• @untorquer@lemmy.world
    link
    fedilink
    222 days ago

    These sorts of artifacts wouldn’t be a huge issue except that AI is being pushed to the general public as an alternative means of learning basic information. The meme example is obvious to someone with a strong understanding of English but learners and children might get an artifact and stamp it in their memory, working for years off bad information. Not a problem for a few false things every now and then, that’s unavoidable in learning. Thousands accumulated over long term use, however, and your understanding of the world will be coarser, like the Swiss cheese with voids so large it can’t hold itself up.

    • @jsomae@lemmy.ml
      link
      fedilink
      22 days ago

      You’re talking about hallucinations. That’s different from tokenization reflection errors. I’m specifically talking about its inability to know how many of a certain type of letter are in a word that it can spell correctly. This is not a hallucination per se – at least, it’s a completely different mechanism that causes it than whatever causes other factual errors. This specific problem is due to tokenization, and that’s why I say it has little bearing on other shortcomings of LLMs.

      • @untorquer@lemmy.world
        link
        fedilink
        62 days ago

        No, I’m talking about human learning and the danger imposed by treating an imperfect tool as a reliable source of information as these companies want people to do.

        Whether the erratic information is from tokenization or hallucinations is irrelevant when this is already the main source for so many people in their learning, for example, a new language.

        • @jsomae@lemmy.ml
          link
          fedilink
          2
          edit-2
          2 days ago

          Hallucinations aren’t relevant to my point here. I’m not defending that AIs are a good source of information, and I agree that hallucinations are dangerous (either that or misusing LLMs is dangerous). I also admit that for language learning, artifacts caused from tokenization could be very detrimental to the user.

          The point I am making is that LLMs struggling with these kind of tokenization artifacts is poor evidence for drawing any conclusions about their behaviour on other tasks.
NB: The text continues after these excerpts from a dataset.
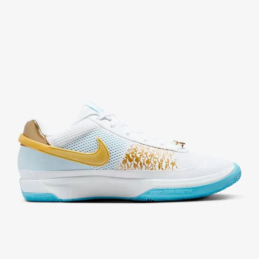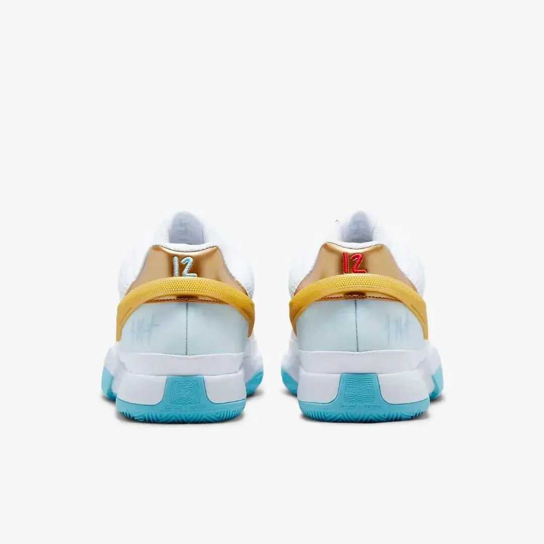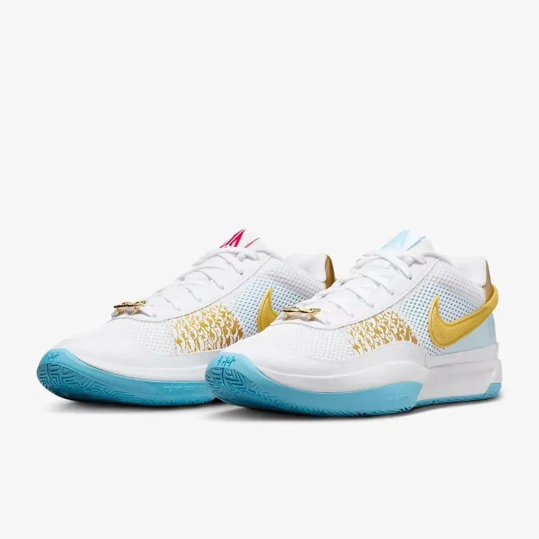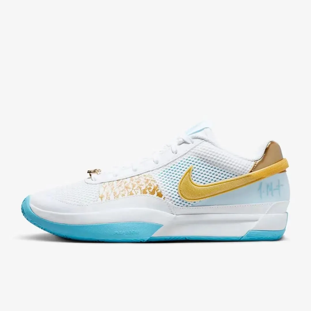 鞋款以中国喜庆红色色调为主色调,延续经典爪痕设计,辅以黑色的涂鸦风格“A”字(代表“Ja”),鞋侧金色 Swoosh 与黑色锯齿状 Zoom 外底形成强烈视觉冲击。其他细节包括仿马毛鞋舌和鞋垫上有中国书法“一马当先”字样,以后跟外底刻有“Twelve”字样,致敬莫兰特的 12 号球衣,最后以红色橡胶外底完善鞋身,庆贺马年到来。
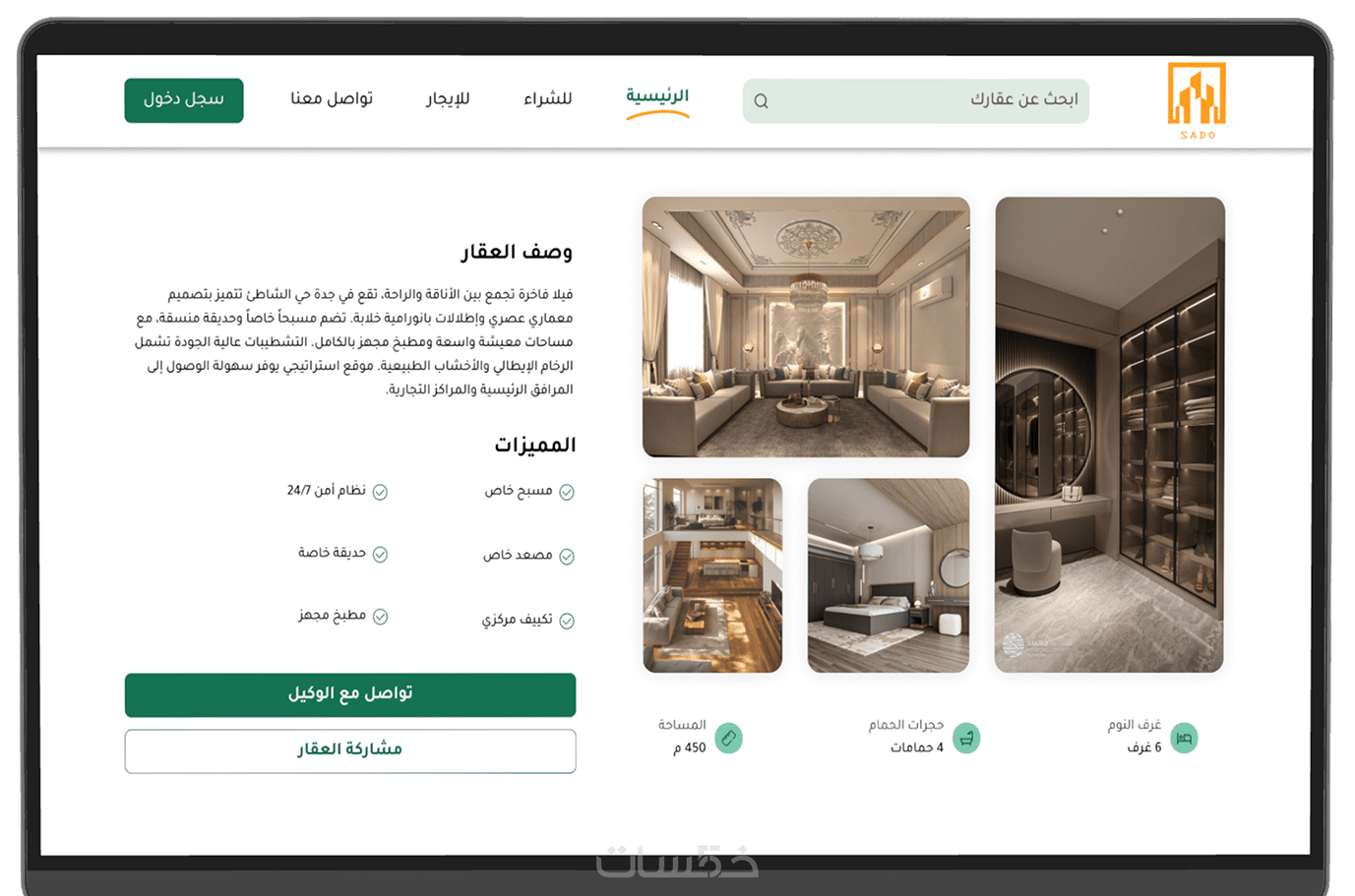صور نهائية للتصميم بدقة عالية تصلح للعرض في العروض التقديمية أو مع العملاء.
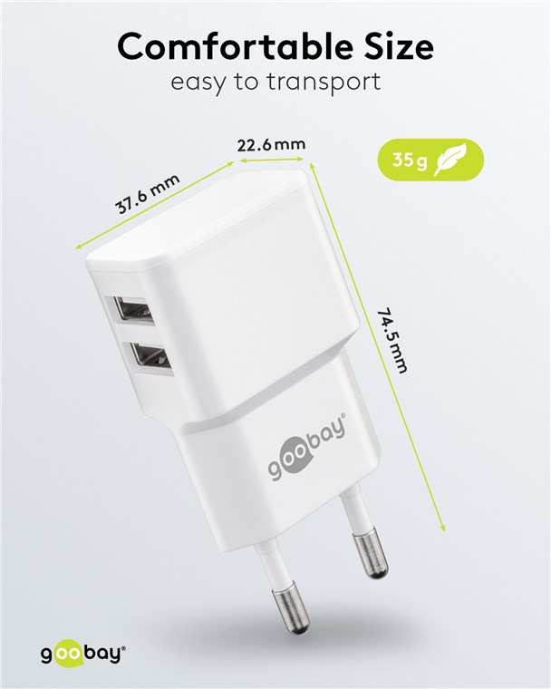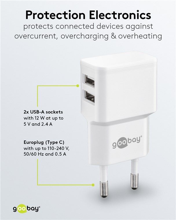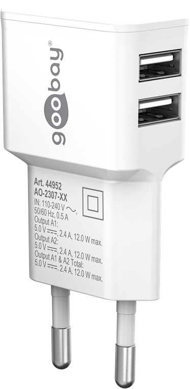 goobay Napájecí a nabíjecí adaptér 230V na 2x USB, max.2,4A, bílý
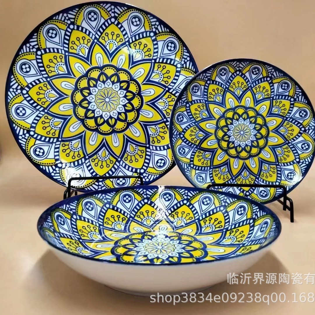 새로운 일본 보헤미안 스타일 유약 컬러 세라믹 식기 세척기 레스토랑 사용 가능스토어 가기
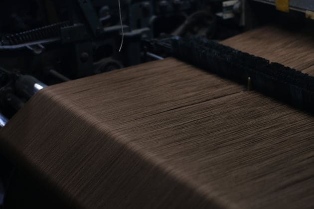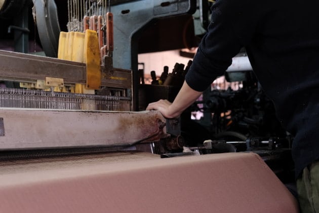 今現在製造されていない貴重なシャトル織機を使用して織り上げる生地は、手織りのようにゆっくりと丁寧に時間を掛けることで、表面に凹凸が生まれ、ふっくらとあたたかみある表情になります。

          • @untorquer@lemmy.world
            link
            fedilink
            11 day ago

            That’s a fair point when these LLMs are restricted to areas where they function well. They have use cases that make sense when isolated from the ethics around training and compute. But the people who made them are applying them wildly outside these use cases.

            These are pushed as a solution to every problem for the sake of profit with intentional ignorance of these issues. If a few errors impact someone it’s just a casualty in the goal of making it profitable. That can’t be disentwined from them unless you limit your argument to open source local compute.

            • @jsomae@lemmy.ml
              link
              fedilink
              11 day ago

              Well – and I don’t meant this to be antagonistic – I agree with everything you’ve said except for the last sentence where you say “and therefore you’re wrong.” Look, I’m not saying LLMs function well, or that they’re good for society, or anything like that. I’m saying that tokenization errors are really their own thing that are unrelated to other errors LLMs make. If you want to dunk on LLMs then yeah be my guest. I’m just saying that this one type of poor behaviour is unrelated to the other kinds of poor behaviour.